6) Lesser Gravidic Focal Point (LvL 10): Create a lesser gravidic focal point within 50 meters of yourself for a duration of 1 minute with an alterable gravidic value increase or decrease of 1000% and a radius of effect of 20 meters. Given that you are the point’s creator you will be immune to its effects (Range, gravity multiplier and mana cost scales with skill level). Cost: 100 Mana , Cast time: 1 second, Cooldown: 10 minutes

Skills – Initiate Dimensional Mage

1) Lesser Dimensional Pocket (LvL 10): You have the ability to create and maintain a minor dimensional pocket adjacent to your current dimension, the proportions of which are linked to your wisdom attribute’s total value. The aperture radius to the pocket is 10 meters and you may only access this pocket 2 times in a 30 minute period for a duration of 2 minutes (Aperture radius, frequency of access and mana cost scale with skill level).Cost: 2 Mana per second, Cast time: 1 second, Cooldown: 30 minutes

2) Lesser Dimensional Instability (LvL 1): Create a minor dimensional instability within 15 meters of you that has a radius of 1.5 meter, the targeted area experiences the very fabric of your dimension shift in unpredictable ways for 15 seconds (Range, radius and duration scale with skill level). Cost: 20 Mana per second, Cast time: Channeled, Cooldown: 5 minutes

3) Lesser Dimensional Size Increase (Lvl 10): Increase the total size of an inanimate object that is within 100 meters of you by up to 250% for a duration of 2 minutes (Range, percentage increase and cooldown scale with skill level). Cost: 50 Mana, Cast time: 1 second, Cooldown: 30 seconds

4) Lesser Dimensional Size Decrease (Lvl 10): Decrease the total size of an inanimate object that is within 100 meters of you by up to 250% for a duration of 2 minutes (Range, percentage Decrease and cooldown scale with skill level). Cost: 50 Mana, Cast time: 1 second, Cooldown: 30 seconds

5) Lesser Dimensional Portal (LvL 10): Create a lesser dimensional tunnel which origin is within 2 meters of you, that connects with two known points. The tunnel bypasses physical space and has a 5 meter radius for its termini for a duration of up to 5 minutes. The distance between to termini is dictated by your Wisdom attribute 1186 AU’s (Termini radius, duration and cooldown scale with skill level). Cost: 300 Mana, Cast time: 5 seconds, Cooldown: 30 seconds

6) Lesser Dimensional Absence (LvL 10): Create a lesser dimensional absence within 50 meters of you that has a radius of 50 centimeters, which nullifies all matter within the target location for a duration 50 seconds (Range, radius and duration scale with skill level).

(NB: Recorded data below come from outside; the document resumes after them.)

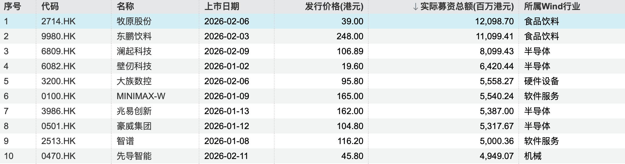 牧原股份、东鹏饮料两大消费龙头单家募资额均超百亿港元,合计贡献超230亿港元募资额,成为一季度募资规模的顶梁柱;兆易创新、澜起科技等半导体企业,华沿机器人等高端装备企业,通过“A+H”模式打通境内外资本通道。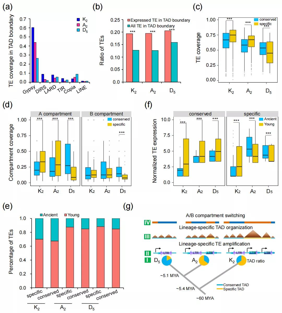 轉(zhuǎn)座因子(Transposable elements,TEs)在真核生物基因組結(jié)構(gòu)的形成中起著重要作用。TE擴(kuò)增和消除影響物種的表型變異、基因轉(zhuǎn)錄、基因組進(jìn)化和群體多樣性。最近的研究表明TEs也可能影響3D基因組結(jié)構(gòu),而在植物中,差異TE積累引起的基因組大小的顯著變化對(duì)染色質(zhì)高級(jí)結(jié)構(gòu)進(jìn)化的調(diào)節(jié)作用仍然未知。
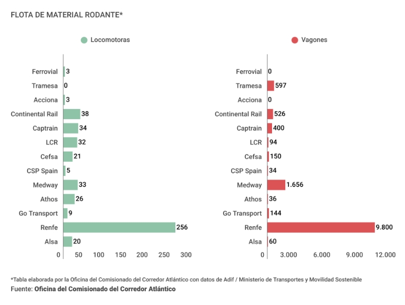 Los operadores alternativos tienen -según mis cuentas- unas 31 de ancho estándar (14 Captrain, 3 CFL, 8 Medway, 1 RailAdventure y 5 DB Cargo Iberia, exTransfesa).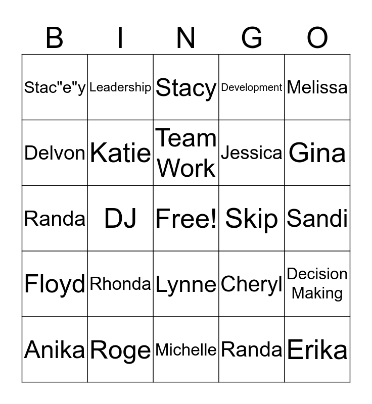 This bingo card has a free space and 29 words: Anika, Kathleen, DJ, Latoya, Stac"e"y, Stacy, Katie, Rhonda, Skip, Roge, Sandi, Erika, Michelle, Randa, Gina, Lisa, Lynne, Floyd, Melissa, Randa, Cheryl, Terez, Jessica, Delvon, Development, Leadership, Decision Making, Team Work and Communication.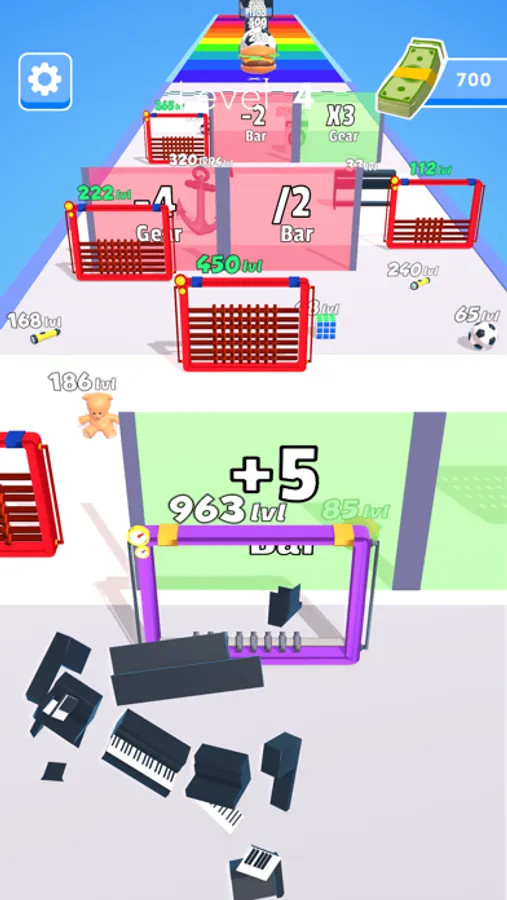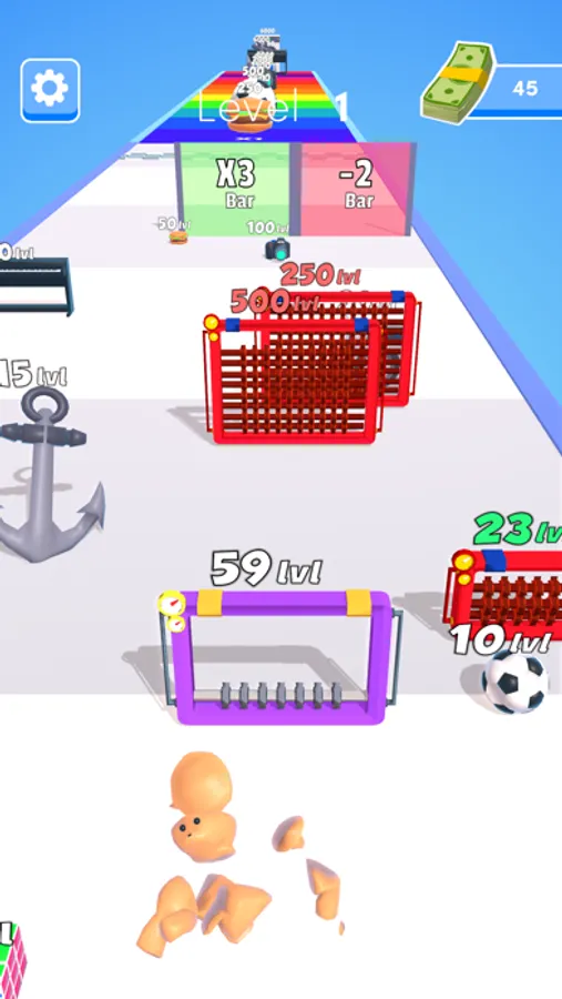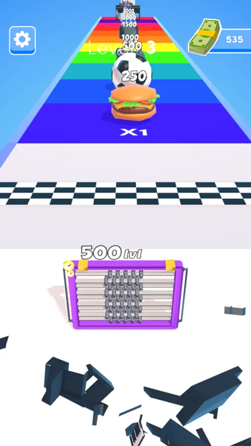 Shred the obstacles on the road and level up. Upgrade your shredder by passing through the gates.

Cost: 250 Mana, Cast time: 1 second, Cooldown: 1 minute

My eyes narrow and my fists clench as I read the new titles ineffectual effects. If there was ever any doubt, this new development is all the proof I need.

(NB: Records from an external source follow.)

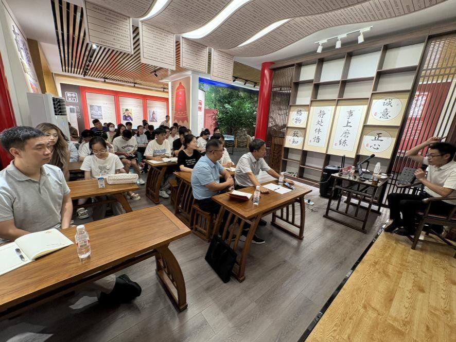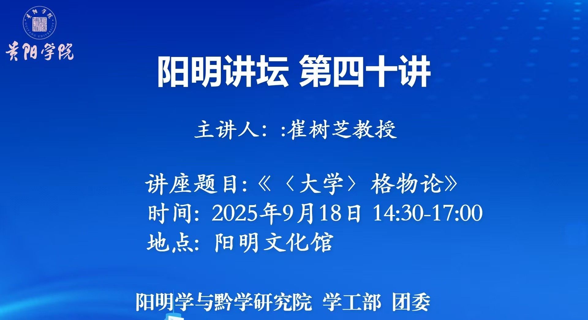 2025年9月18日,受阳明学与黔学研究院邀请,中国人民大学哲学博士,贵州省委党校哲学教研部崔树芝教授在学校阳明文化馆主讲“阳明讲坛”第四十讲,讲座由阳明学与黔学研究院副院长任健教授主持,阳明学与黔学研究院师生、体育学院部分教师到场聆听。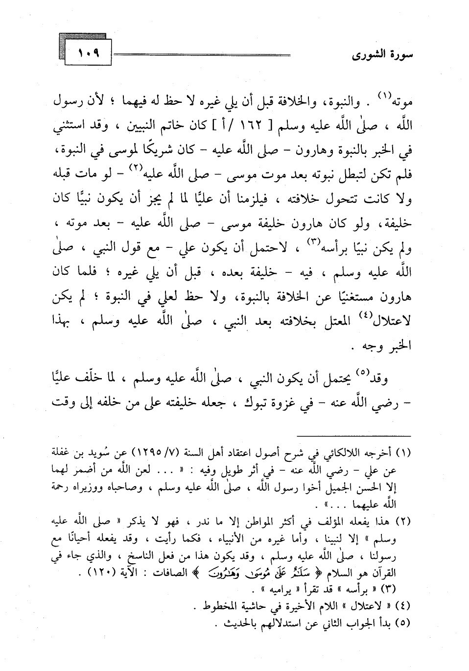 وقد يحتمل أن يكون النبي، صلى الله عليه وسلم، لما خلف عليًّا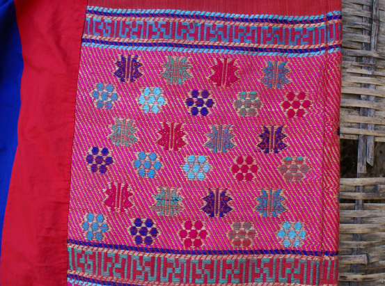 三角钩锄是毛南族特有的生产工具,毛南语叫“拱”。它小巧轻便,适合在鸡窝地里中耕锄草,又用于点种黄豆。种黄豆还有一种木制的“点穴锤”,用8寸到1尺长的金刚木削成圆杆,形如擀面杖,中间插一木柄,手握木柄在泥土里一锤,就成一个如鸡蛋形的坑,即可放入黄豆,盖上草木灰。这种“点穴锤”一锤一穴,工效很高,是种黄豆的最佳农具。此外还有禾剪、割烟刀等(图为毛南族织锦)。
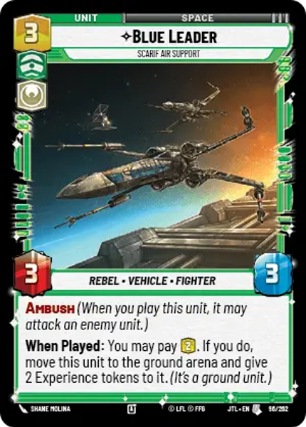 When Played: You may pay 2. If you do, move this unit to the ground arena and give 2 Experience tokens to it. (It's a ground unit.)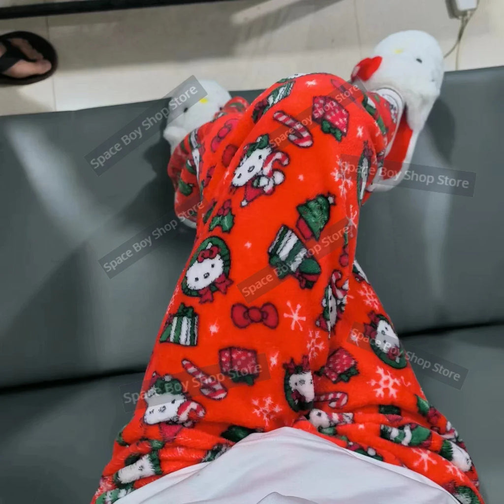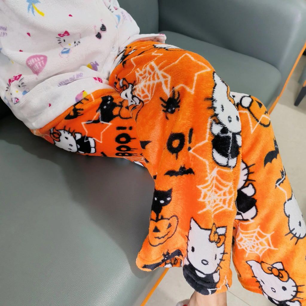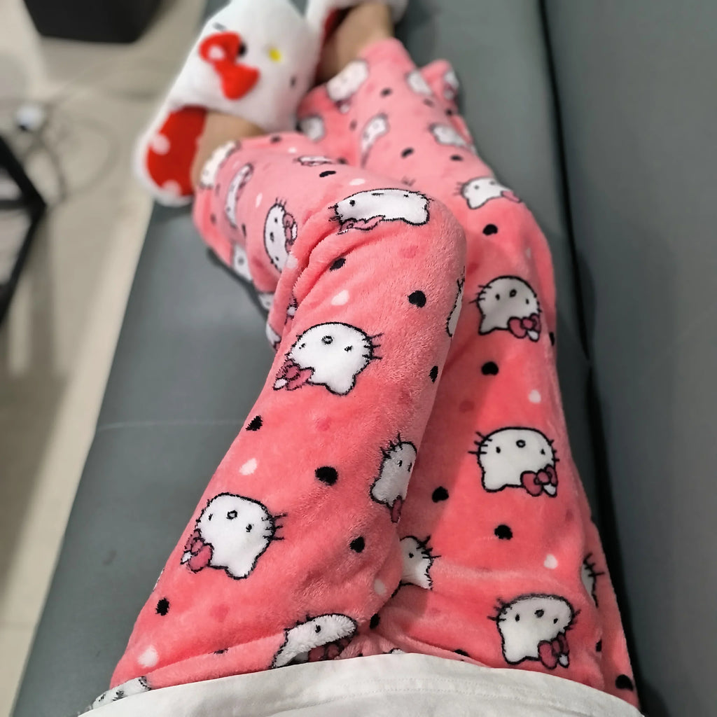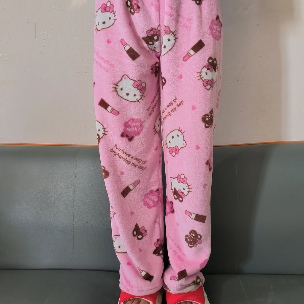 A Calça de Pijama Sanrio em fleece coral é perfeita para quem ama conforto com um toque de estilo Kawaii. Feita com tecido flanelado e super macio, ela é ideal para os dias mais frios e garante um toque aveludado na pele.

There is a system overseer.

And it most definitely is out to fuck with me.

Tallying this latest insult to the already egregiously long list, I channel this new anger toward the excrement disposal unit within me that has seen far too much use of late and try to think of better things like will the world I’m about to enter have acid bacon.

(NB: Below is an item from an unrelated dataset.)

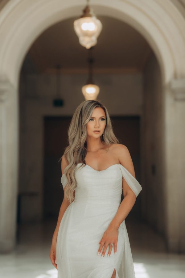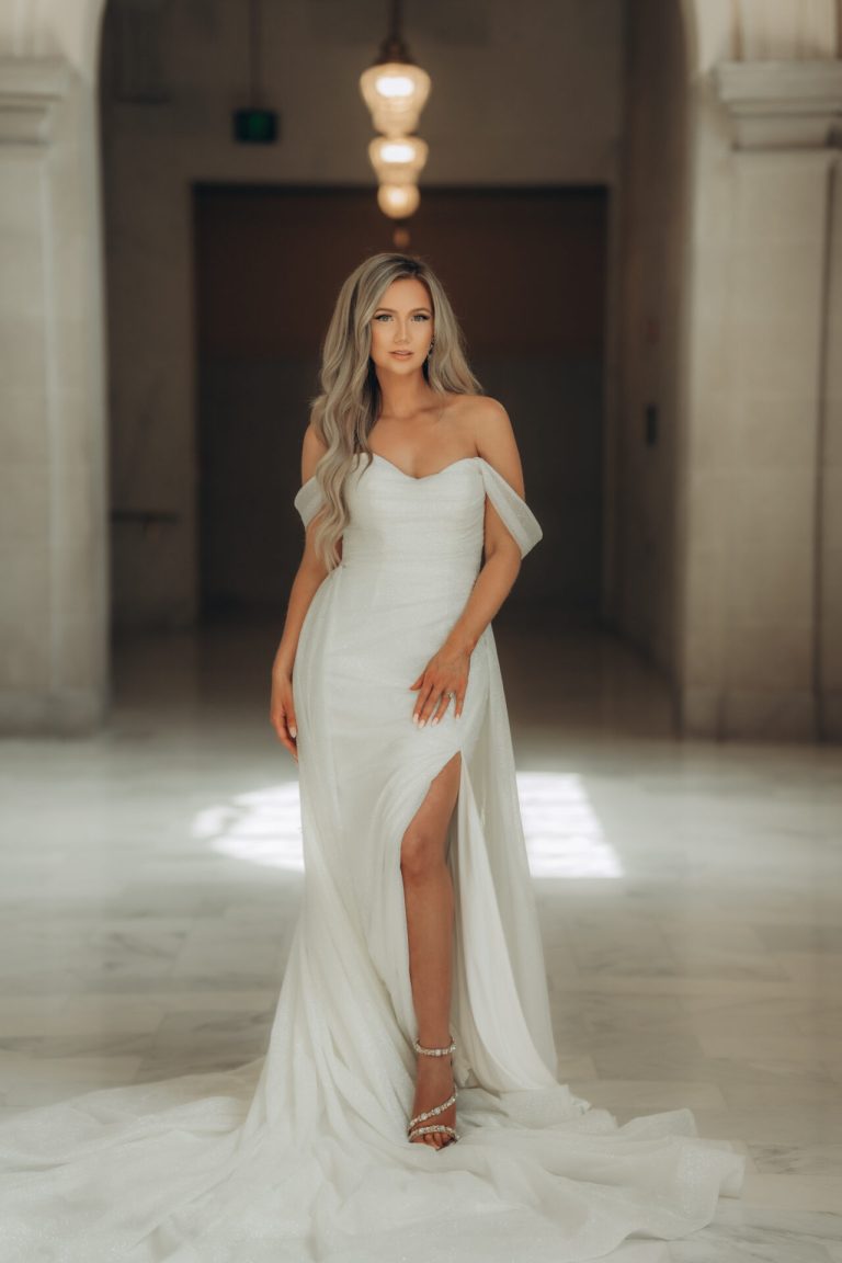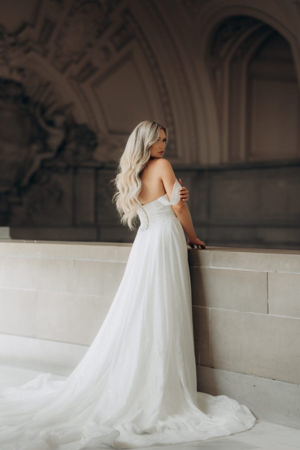 The shimmering tulle of Style 7815 radiates down the aisle with a picturesque bridal glow from this allover sparkle look. From off-the-shoulder detachable straps, a sexy draped sweetheart neckline envelops the bodice and wraps around the figure to meet a small row of fabric-covered buttons. The flattering fit-and-flare silhouette continues past the hip with an impeccably tailored fit, and flares at the thigh with a high leg slit. For a touch of glittering drama, a luxurious detachable overskirt attaches at the waist and adds another dimension of glamorous volume. This gorgeous gown is also available in plus sizes.

Stuck for another 4 minutes and 23 seconds I while away the time preparing my selves the best I can for the hopefully not alkaline unknown.

Time continues to tick down on the timer box and I finish some largely superfluous stretches, by way of having nothing better to do to ease the anxiousness of the wait.

The familiar flash of bluish white light engulfs me before leaving me with yet another informative notification.